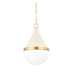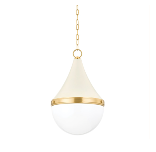 With a slight nod to the nautical, Ciara reimagines a classic design in a way that feels current and modern. A conical metal shade holds an opal glossy glass diffuser creating an overall teardrop silhouette. The beveled Aged Brass band at the center separates the shade and the diffuser while the exposed hardware adds a subtle industrial edge.
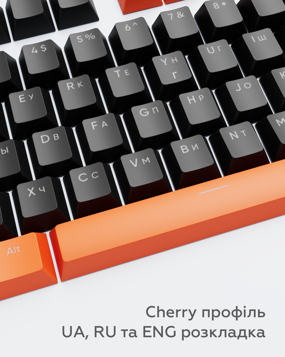 Зносостійкі кейкапи PBT з верхнім нанесенням ENG/RU/UA символів.
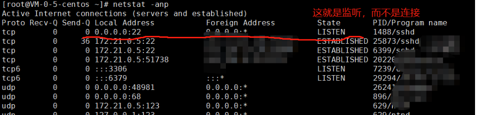 所有的连接和监听(就是tcp的监听,还未建立连接)
· · · ·
▸ Your task
Starting with the line that contains "Зносостійкі кейкапи PBT", give the lines again exactly as they appear through the last line of the data, pictures excluded.

▸ Solution to this task
 Зносостійкі кейкапи PBT з верхнім нанесенням ENG/RU/UA символів.
 所有的连接和监听(就是tcp的监听,还未建立连接)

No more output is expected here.